# Why do you never see locusts fly?



## SamH (Aug 25, 2007)

Quick question.. why is it that whenever you put a few adult locusts in with your beardie, bosc ect.. you never see them flying around?? they have wings.. why do they never use them? :hmm:

Thanks : victory:


----------



## Nerys (Apr 18, 2005)

space?

i've seen them fly...

and so has one poor lady where i worked about 8 years back.. i was able to keep two beardies in the office back then.. one locust got out.. and ended up being found when it flew over the top of the toilet cubicle said lady was occupying at the time..

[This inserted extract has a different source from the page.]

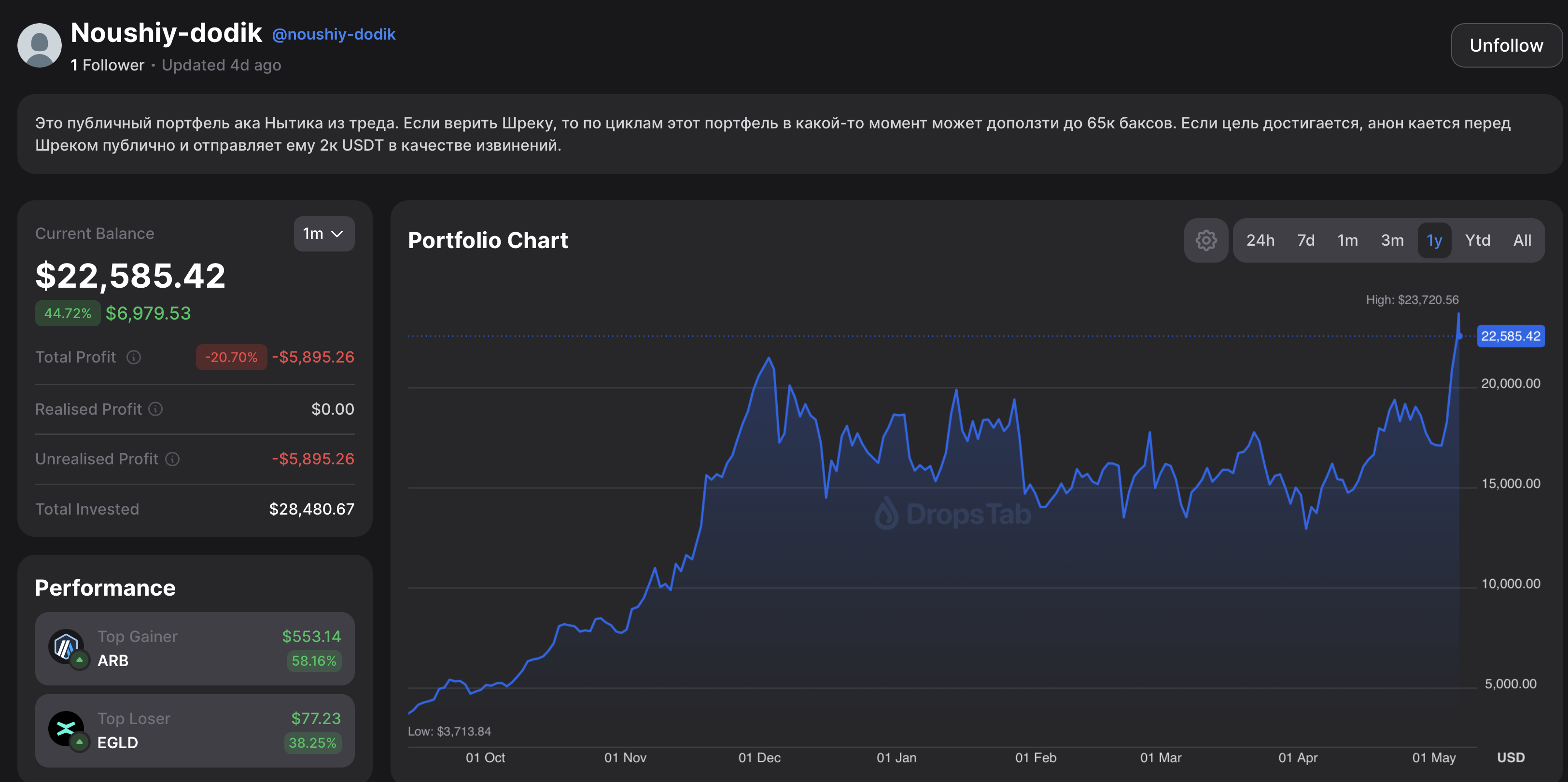 Появилось два спора на 500 ЮСДТ и 2к ЮСДТ. По первому спору ожидается доминация деда ≤ 45% И капитализация OTHERS 1 трюлик. По второму спору портфель Ссыкун-куна с 25.5к до конца цикла (ноябрь-декабрь 2025) должен достичь 65к, ссылка на его портфель ниже, фоловьтесь.

thankfully she was already in position, as i am told she nearly crapped herself as the locust joined her communion with the great white god... 

heeheeheehee

N


----------



## SamH (Aug 25, 2007)

Nerys said:


> space?
> 
> i've seen them fly...
> 
> ...


:lol2::lol2: You couldn't write that lol


----------



## Taxemic (Aug 13, 2008)

They do if you chuck a grenade at them. You are on about Gears of War 'aint ya? :lol2:

Joke.

It's only the adults that fly. I've seen 'em do it. They swarm in some countries.


----------



## macro junkie (Oct 27, 2007)

the wings are to small for how big and heavy there body is..They can jump and sort of use there wings to be in the air a split second more but that's about it..same goes for adult grass hoppers in the wild.


----------



## blatta (May 21, 2008)

They are capable of flight. The locust is one of the greatest insect travellers, they have been recorded to travel 4500km (~3000 miles), albeit with help from the weather.

They often dont fly in captivity because they are not warm enough, or perhaps they need to warm up their wing muscles. I had one fly away once. Up up, and away!


----------



## Natrix (Dec 9, 2006)

Here's an amusing game for those that want to see a locust fly.

Hold the locust by its back legs, keeping its wings free to move and blow gently over its head. The locust (and many other insects) has small hairs on its head that link direct to the wings. If these hairs feel a breeze they make the wings flap automatically. The locust can't not flap under these conditions.

Go on, give it a go just remember to blow and not suck .

Natrix


----------



## Just_Nash (Dec 1, 2007)

Natrix said:


> Here's an amusing game for those that want to see a locust fly.
> 
> Hold the locust by its back legs, keeping its wings free to move and blow gently over its head. The locust (and many other insects) has small hairs on its head that link direct to the wings. If these hairs feel a breeze they make the wings flap automatically. The locust can't not flap under these conditions.
> 
> ...


Sounds a bit like trying to lick your elbow..


----------



## Carol (Aug 2, 2007)

I breed my own and they fly


----------



## Ssthisto (Aug 31, 2006)

Well, my cats have chased the "armoured sparrows" around my house when one of the little boogers broke the lid to the Perfecto tank I was keeping them in and released a bag of a hundred of 'em, and they absolutely do fly - up the stairs, up the walls...


----------



## SamH (Aug 25, 2007)

Ssthisto said:


> Well, my cats have chased the "armoured sparrows" around my house when one of the little boogers broke the lid to the Perfecto tank I was keeping them in and released a bag of a hundred of 'em, and they absolutely do fly - up the stairs, up the walls...


:lol2: bet that was fun


----------



## malthereplover (Aug 22, 2008)

SamH said:


> Quick question.. why is it that whenever you put a few adult locusts in with your beardie, bosc ect.. you never see them flying around?? they have wings.. why do they never use them? :hmm:
> 
> Thanks : victory:


Chuck em up in the air, then they should, do with me lol


----------